> Work required
When copying the data below, keep only the lines from the one with "从周末11月11(周六)至1" through the one with "5、气泡是游戏中的主要变量,兼具移动与推", word for word, and skip the pictures.

> Given records
[Start of section]
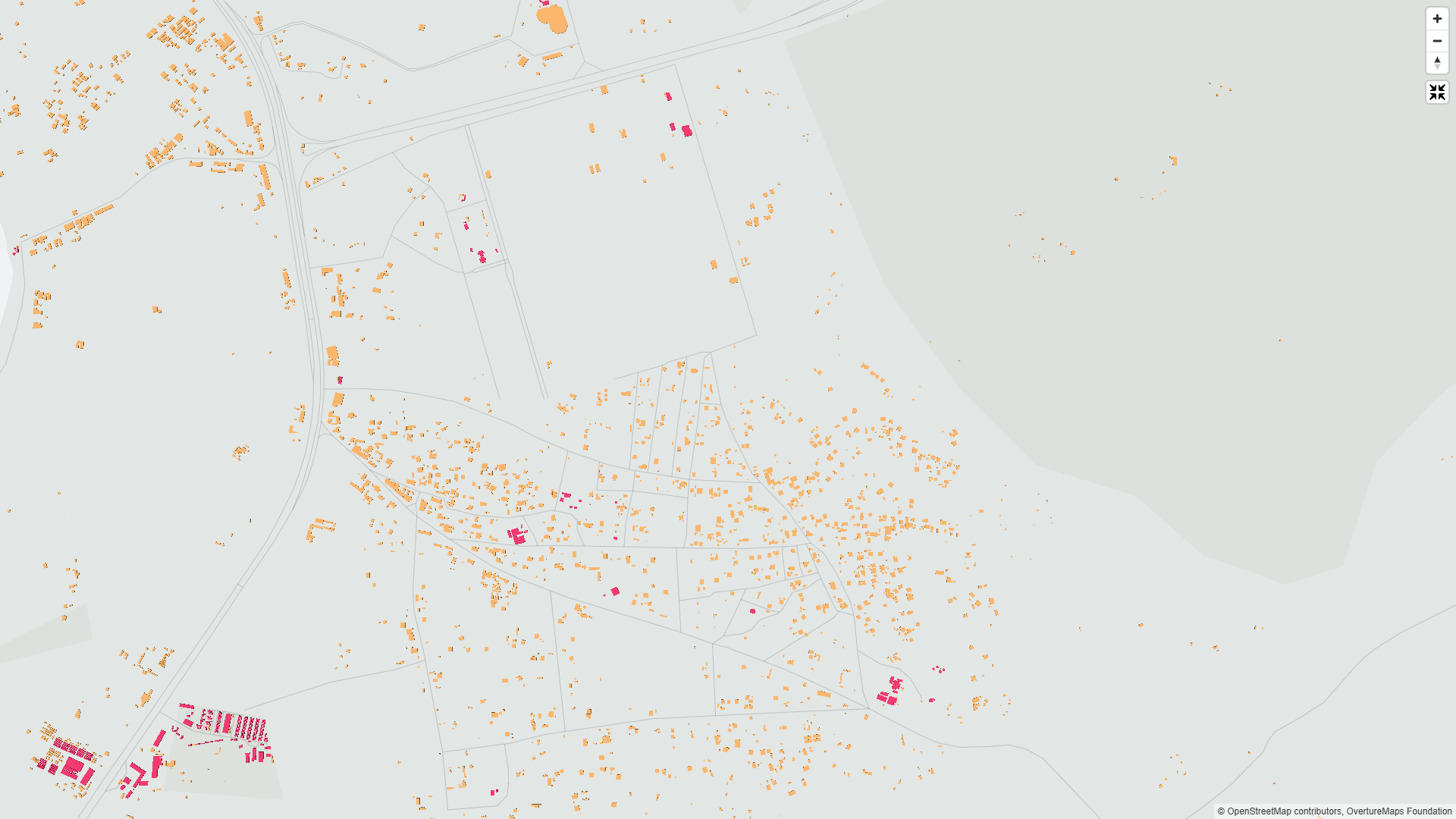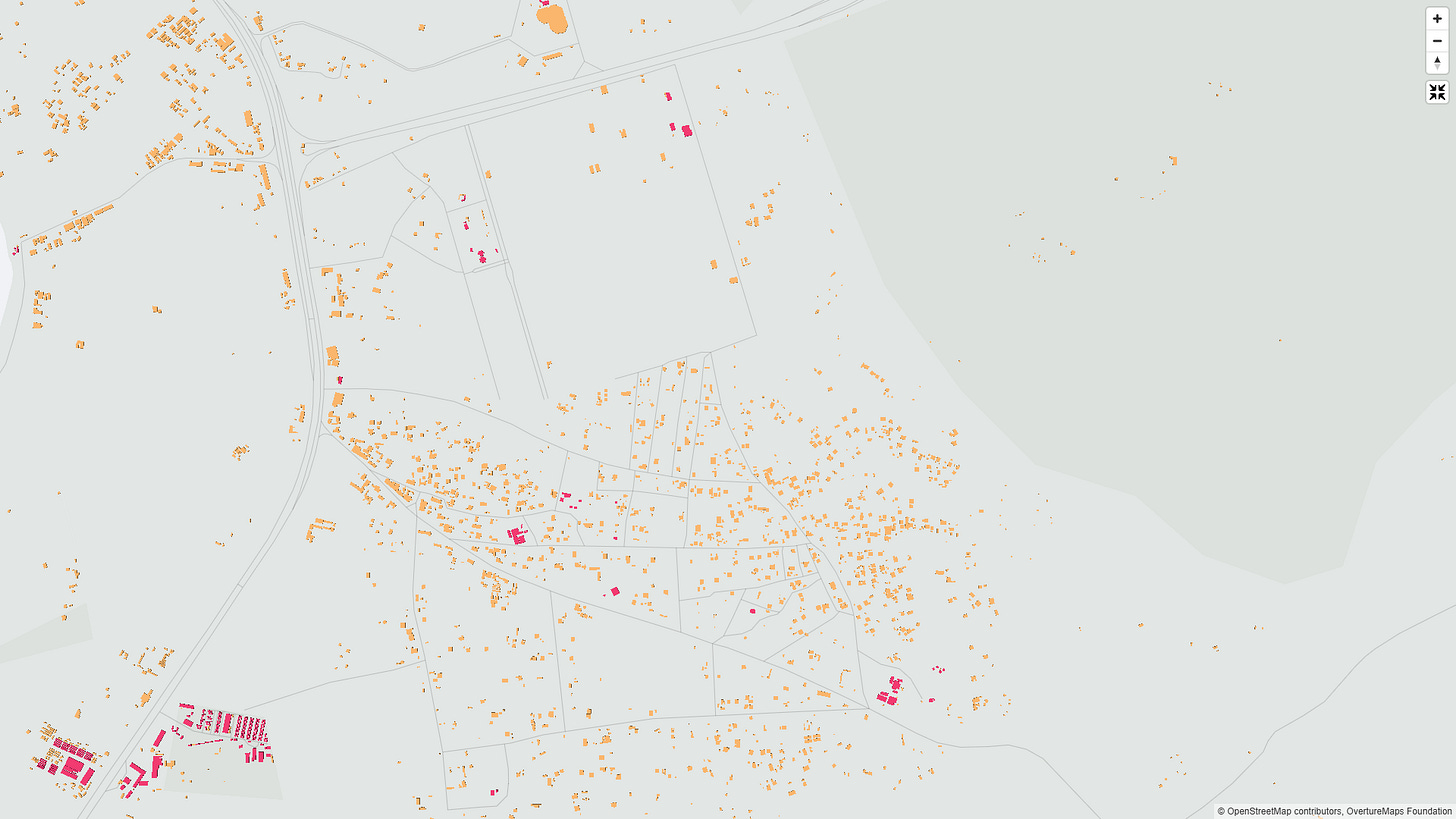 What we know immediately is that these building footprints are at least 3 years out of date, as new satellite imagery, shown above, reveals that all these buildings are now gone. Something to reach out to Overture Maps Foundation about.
[End of section]
[Start of section]
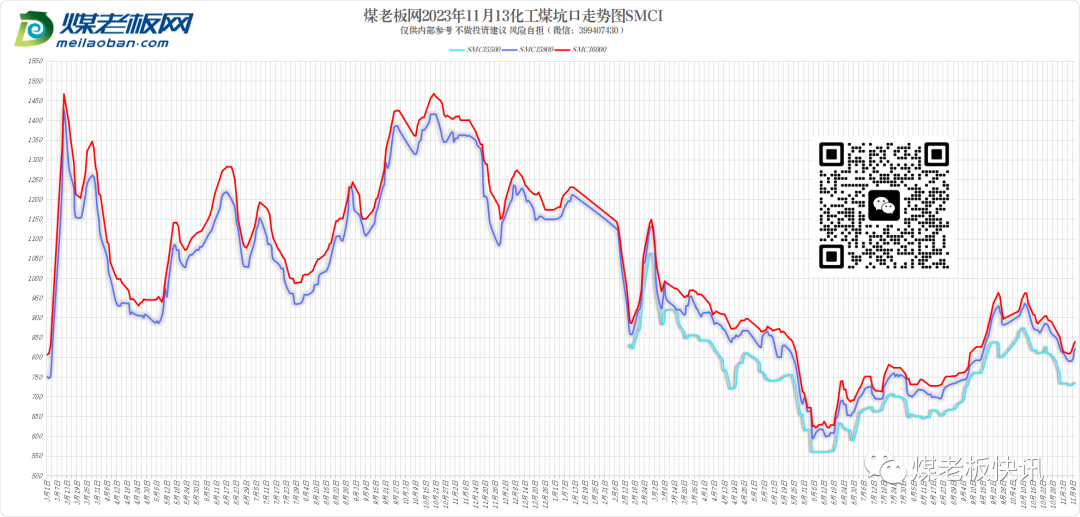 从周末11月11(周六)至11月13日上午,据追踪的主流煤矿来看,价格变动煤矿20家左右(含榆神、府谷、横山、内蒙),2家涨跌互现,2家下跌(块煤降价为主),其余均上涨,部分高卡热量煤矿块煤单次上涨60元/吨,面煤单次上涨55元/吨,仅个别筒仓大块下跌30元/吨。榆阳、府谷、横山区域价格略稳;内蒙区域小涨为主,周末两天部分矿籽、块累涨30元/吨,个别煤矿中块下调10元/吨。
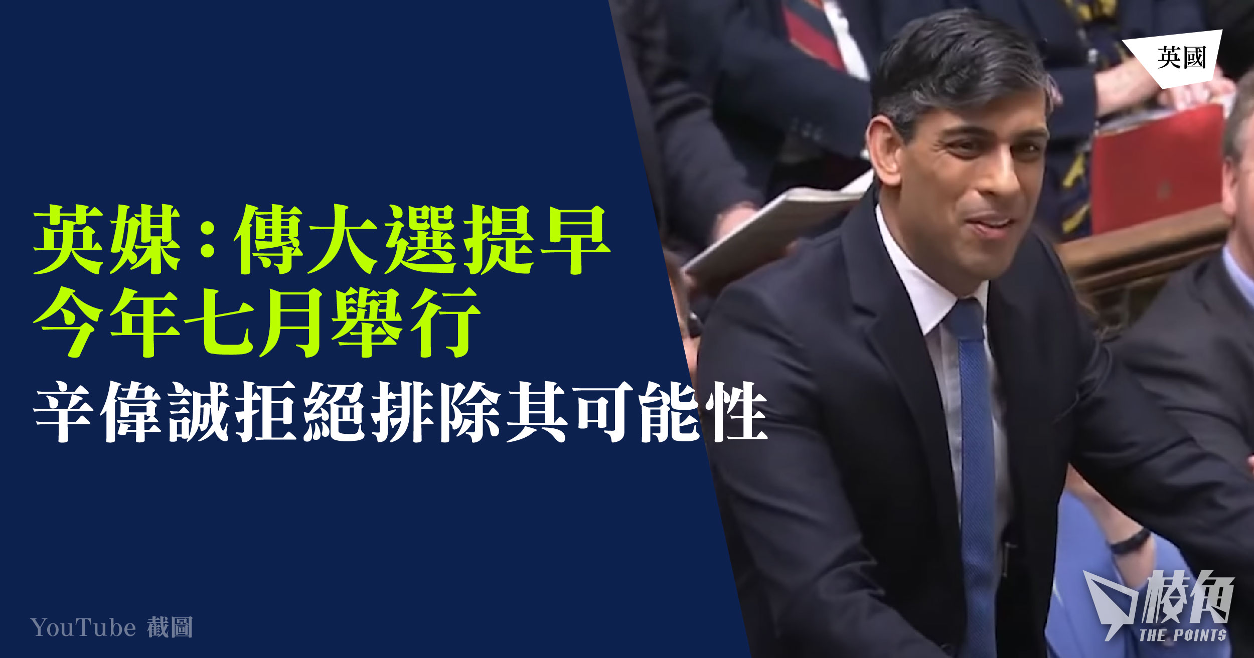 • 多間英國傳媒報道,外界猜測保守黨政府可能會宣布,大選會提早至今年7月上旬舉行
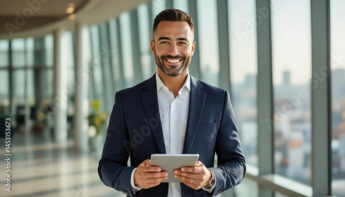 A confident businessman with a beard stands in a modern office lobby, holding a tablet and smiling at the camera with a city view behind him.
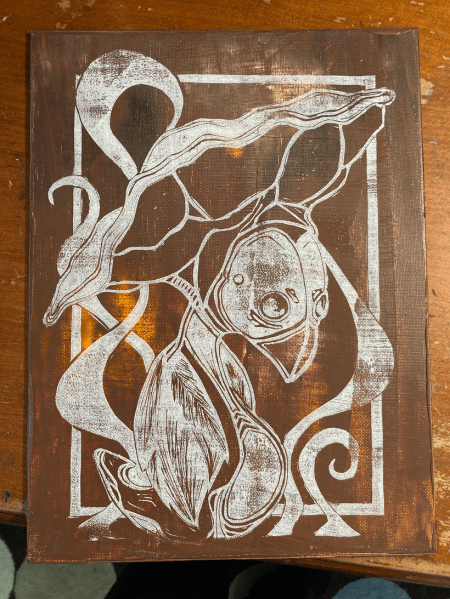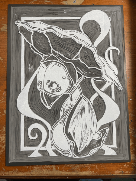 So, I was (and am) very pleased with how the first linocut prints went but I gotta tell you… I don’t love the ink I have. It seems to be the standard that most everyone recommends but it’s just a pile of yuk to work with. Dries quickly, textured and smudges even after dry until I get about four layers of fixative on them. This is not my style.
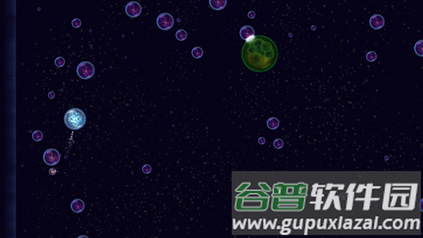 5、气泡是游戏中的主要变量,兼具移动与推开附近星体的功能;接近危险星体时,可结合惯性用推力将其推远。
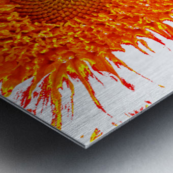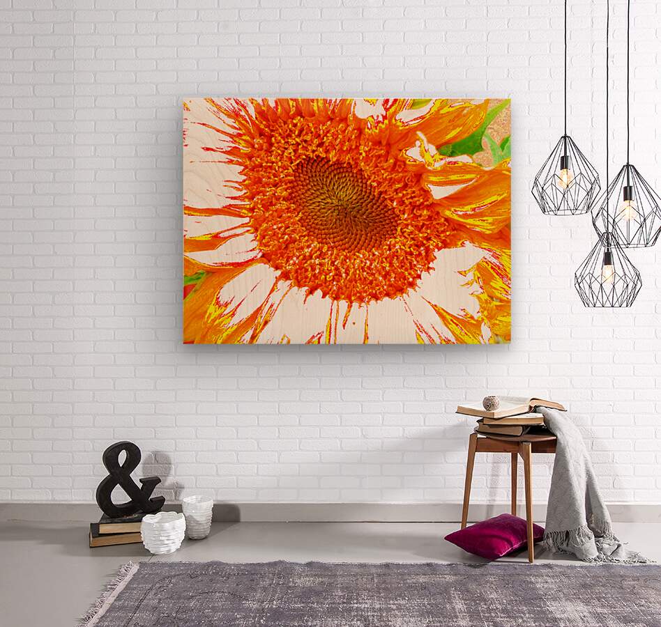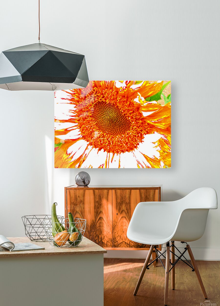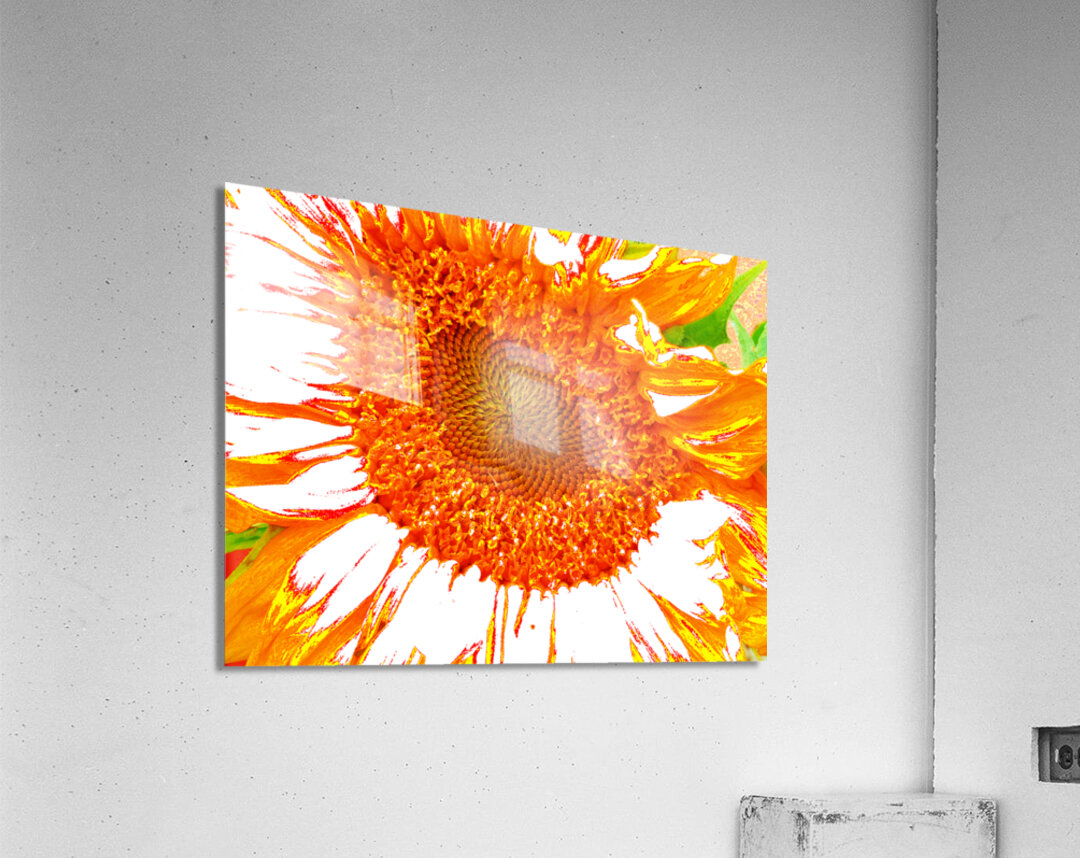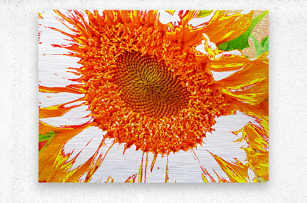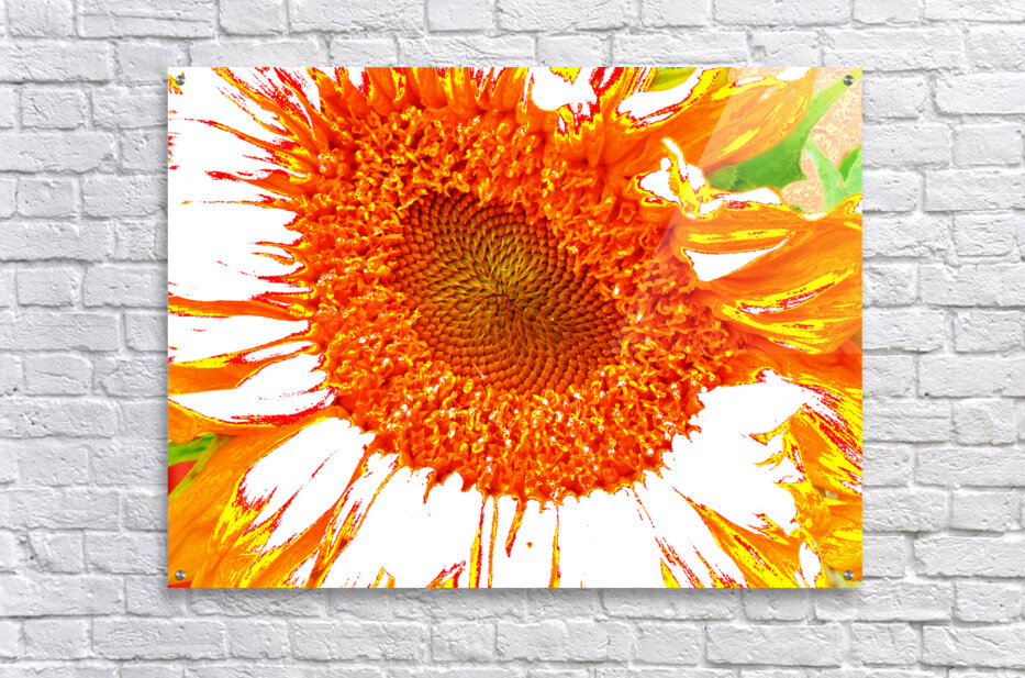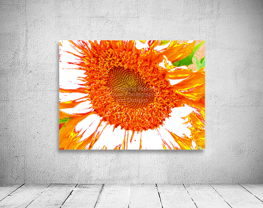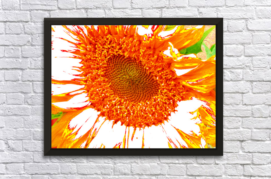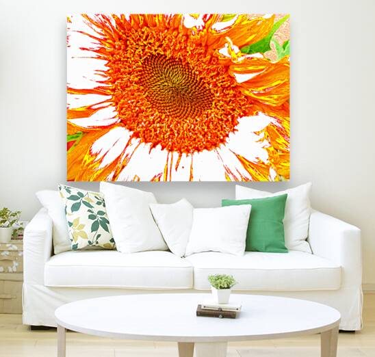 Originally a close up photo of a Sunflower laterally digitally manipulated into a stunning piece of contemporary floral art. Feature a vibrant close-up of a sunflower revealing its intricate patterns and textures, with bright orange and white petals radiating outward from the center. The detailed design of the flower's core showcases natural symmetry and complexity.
[End of section]
> Solution for this task
 从周末11月11(周六)至11月13日上午,据追踪的主流煤矿来看,价格变动煤矿20家左右(含榆神、府谷、横山、内蒙),2家涨跌互现,2家下跌(块煤降价为主),其余均上涨,部分高卡热量煤矿块煤单次上涨60元/吨,面煤单次上涨55元/吨,仅个别筒仓大块下跌30元/吨。榆阳、府谷、横山区域价格略稳;内蒙区域小涨为主,周末两天部分矿籽、块累涨30元/吨,个别煤矿中块下调10元/吨。
 • 多間英國傳媒報道,外界猜測保守黨政府可能會宣布,大選會提早至今年7月上旬舉行
 A confident businessman with a beard stands in a modern office lobby, holding a tablet and smiling at the camera with a city view behind him.
 So, I was (and am) very pleased with how the first linocut prints went but I gotta tell you… I don’t love the ink I have. It seems to be the standard that most everyone recommends but it’s just a pile of yuk to work with. Dries quickly, textured and smudges even after dry until I get about four layers of fixative on them. This is not my style.
 5、气泡是游戏中的主要变量,兼具移动与推开附近星体的功能;接近危险星体时,可结合惯性用推力将其推远。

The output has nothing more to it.